“I am sure this confidence will be as sacred to you as it is to me,” he said. “There is no need to say more, unless it is now to give me your address.”

She murmured it, sobbing, and he took it down from her lips: “Myrtle Villa, Garden Lane, Gospel Oak.” And then, with many passionate, half coherent expressions of gratitude, she left him.

He sat pondering for some little while after she was gone, the glow of his impulsive action slowly cooling. He would not regret it; yet for some reason he felt a nervousness in confessing, as would come to be necessary, its nature to Miss Halifax. He felt quite sure that she, however moved, would have kept the balance of her judgment at the discriminating poise.

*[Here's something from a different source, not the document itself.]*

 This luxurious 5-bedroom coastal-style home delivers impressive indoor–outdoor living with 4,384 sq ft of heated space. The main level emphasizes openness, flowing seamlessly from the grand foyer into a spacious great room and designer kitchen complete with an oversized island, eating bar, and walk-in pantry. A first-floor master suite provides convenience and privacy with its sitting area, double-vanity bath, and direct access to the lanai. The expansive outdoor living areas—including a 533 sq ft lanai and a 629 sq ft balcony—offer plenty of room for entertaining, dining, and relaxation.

During the afternoon he paid a visit to some famous Auction rooms in Wellington Street. A notable sale of Japanese colour prints was advertised, and the precious lots were on show. Gilead’s love for these things was either a weakness or a fine enthusiasm, according to the point of view. He was enraptured with the art, and was a ruinous competitor where he coveted rare examples of it. Still, as yet he was not so bitten but that he could resist—occasionally—temptation at what he considered absurdly inflated prices. The final stage of the disease had not hopelessly overtaken him. This day, very possibly, was to mark the turning point.

It was certainly a demoralizing display. A St Anthony of a virtuosic cast would have had a desperate struggle not to succumb to its seductions. The walls of the big room were bedizened, tapestried with a very profusion of covetable things, all representing the better or best periods of the leading schools. Such a sale, such a chance for the collector, had not yet occurred in London. It was to extend over five days, and included examples of all the notable artists from Kiyonobu to Kuniyoshi.

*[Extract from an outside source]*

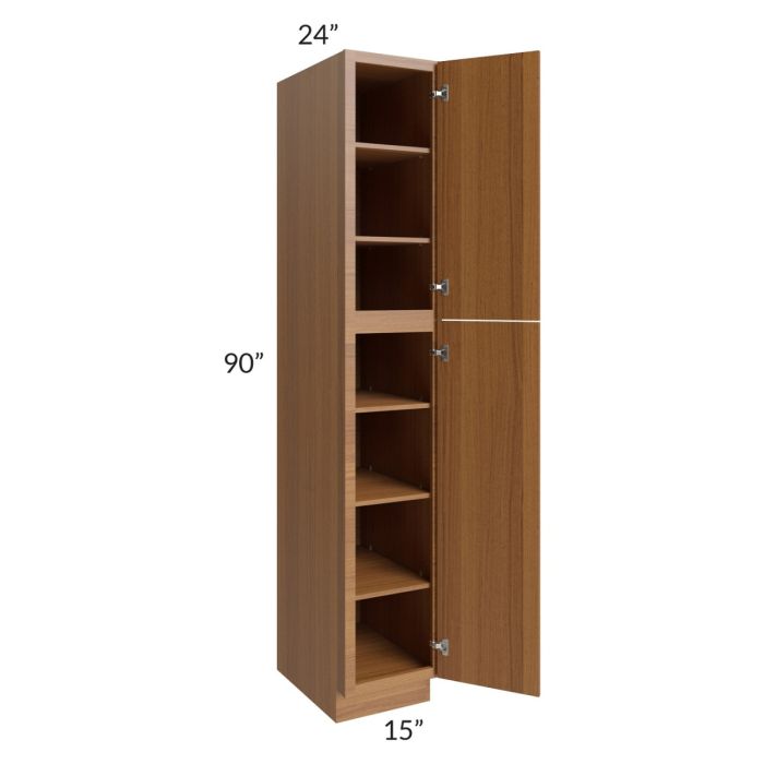 Wall pantry cabinet with 2 doors, 1 smaller door on top and 1 larger door on bottom. This pantry cabinet comes with 1 fixed shelf and 5 adjustable shelves. Measurements are as follows: Top/Middle/Bottom door width = 14 1/2". Top door height = 35 5/16". Middle/Bottom door height = 49 1/4".

Gilead spent an absorbed hour or so in the room before leaving instructions as to which delectable nishiki-ye he wished to acquire, if possible. In this matter he desired to temper cupidity with reason; and he put force upon himself—or imagined that he did—in deciding the limits to which he would go. It was no parsimony, of course, which moved him to this caution. It was a reluctance merely to associate himself with that form of plutocracy which, in its greediness to possess at any figure, sets that standard of artificial values which is the despair of the poor but honest collector. An admirable principle in itself, though perhaps, from the seller’s point of view, an admirably one-sided. Nevertheless, a humorist might have observed that the young gentleman was careful, in the case of those prints which he particularly wanted for himself, to leave bids morally calculated to beat any possible competitor out of the field. It seemed the more perverse of him therefore to exhibit an obstinately inelastic spirit before perhaps the finest example of a Haronobu in the room.

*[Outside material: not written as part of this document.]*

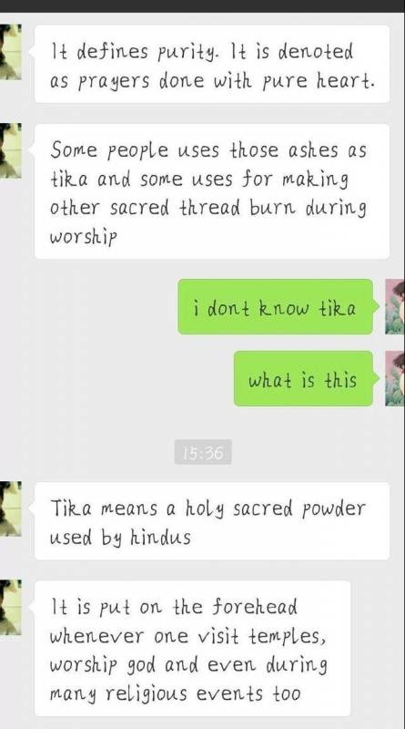 他告訴我,沉香香灰或者其他粉末作為提卡,提卡是印度教徒使用的一種神聖粉末,每當人們去寺廟,拜神,甚至在許多宗教活動中,它都被放在額頭上,以示高貴,像神靈表達自己虔誠祈求祝福,祈求長生。他們認為香灰是神的旨意,是聖火的結晶。

It was an exquisite thing, harmonious in tone and composition, perfect in registration, as flawless a specimen of artistic and technical work as was ever produced by this incomparable artist. It represented a young girl being carried on the shoulder of a man to a temple for the meyamairi or naming ceremony, attendants following; and in condition and treatment and the soft intricacies of its colour scheme it fairly baffled criticism.

“There, sir! What do you think of that?”

It was Mr Desmund who spoke, art expert and valuer to a well-known firm of print and book sellers. He had accompanied Gilead round the room, booking his bids—an unwearying resourceful man, with a drooping light moustache, a bright complexion, and pale blue eyes, tired but interested. He wore a loose blue serge suit with a bright tie; his shoulders were bent a trifle beneath their load of specialised knowledge; he was a busy soul, but never too busy for enthusiasm in the right directions or to the right people. What Mr Desmund did not know about Japanese art was not, in the vernacular, worth the knowing.

“There, sir!” he said, confident of the exclamation of delight that was to follow.